- Directed by: K. Ramnarayan
- Screenplay by: K. Ramnarayan
- Dialogues by: V. Anandapriya
- Story by: K. Ramnarayan
- Produced by: T. Babu Reddy
- Starring: Vinod Prabhakar Gayathiri Iyer
- Cinematography: K. M. Vishnuvardhana Rajashekar
- Edited by: Venkatesh UDV
- Music by: Songs: Ravi Basrur Jassie Gift R. S. Ganesh Score: Ravi Basrur
- Production company: Druvin Productions
- Distributed by: Sri Veeranjaneya Swamy Productions Mayoora Films Sun World Cinemas Surya Films
- Release date: 4 March 2016;
- Country: India
- Language: Kannada

= Tyson (2016 film) =

Tyson is a 2016 Indian Kannada-language action drama film written and directed by K. Ramnarayan and starring Vinod Prabhakar and Gayathiri Iyer.

== Soundtrack ==

Track listing
| No. | Title | Lyrics | Music | Singer(s) | Length |
|---|---|---|---|---|---|
| 1. | "Abbara Shuru" | K. Ramnarayan | Ravi Basrur | Chandan Shetty | 4:00 |
| 2. | "Kannalle Kuntebille" | Yogaraj Bhat | R. S. Ganesh | Vijay Prakash, Apoorva Sridhar | 3:56 |
| 3. | "Avanyaranthale Gothilla" | K. Ramnarayan | Jassie Gift | Tippu | 4:20 |
| 4. | "Preethi Yaake" | K. Ramnarayan | R. S. Ganesh | Lahari | 2:36 |
| 5. | "Abbara Shuru - Reprise" | K. Ramnarayan | Ravi Basrur | Chandan Shetty | 3:31 |
| 6. | "Shikarava Yeralu" | V. Nagendra Prasad | R. S. Ganesh | R. S. Ganesh | 3:34 |
| 7. | "Preethisthini Preethisthini" | K. Ramnarayan | Jassie Gift | Chaithra, Jassie Gift, Shashank Sheshagiri, Santhosh Venky | 4:18 |
| Total length: |  |  |  |  | 26:15 |

==Reception ==
Sunayana Suresh of The Times of India rated the film three out of five stars and wrote, "Watch this film if you love your dose of masala-laden commercial cinema, for it promises just that - entertainment with no strings attached". Shyam Prasad S of the Bangalore Mirror wrote, "Tyson may not stand apart as a landmark film in Sandalwood but it will in Vinod’s career.
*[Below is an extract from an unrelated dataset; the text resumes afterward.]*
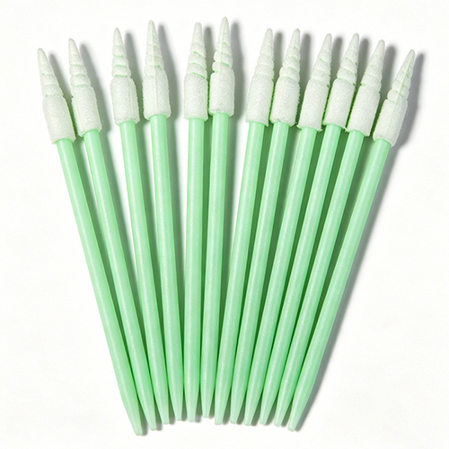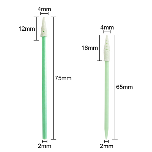 It is constructed from compressed 100 ppi open-cell polyurethane foam. The is an excellent dissipative swab for cleaning very small areas. Its laundered head possesses good capacity and cushioning. A compact, electrically dissipative, round handle and flexible head paddle provide support without added thickness.This swab is well suited for cleaning thin, grooved areas of parts and assemblies.

The film is sure to establish him as a lead actor to look out for". Shashiprasad SM of the Deccan Chronicle wrote, "Vinod who returns with good package of decent dance moves, much improved voice base, confident approach, and most of all with the right punches (action) makes it a good one time watch". A critic from Prajavani wrote the film asserts that the police believe that protecting the people is more important than their own family.

== Box office ==
The film ran for 25 days. After the success of this film, Vinod Prabhakar added an extra 'n' to his name.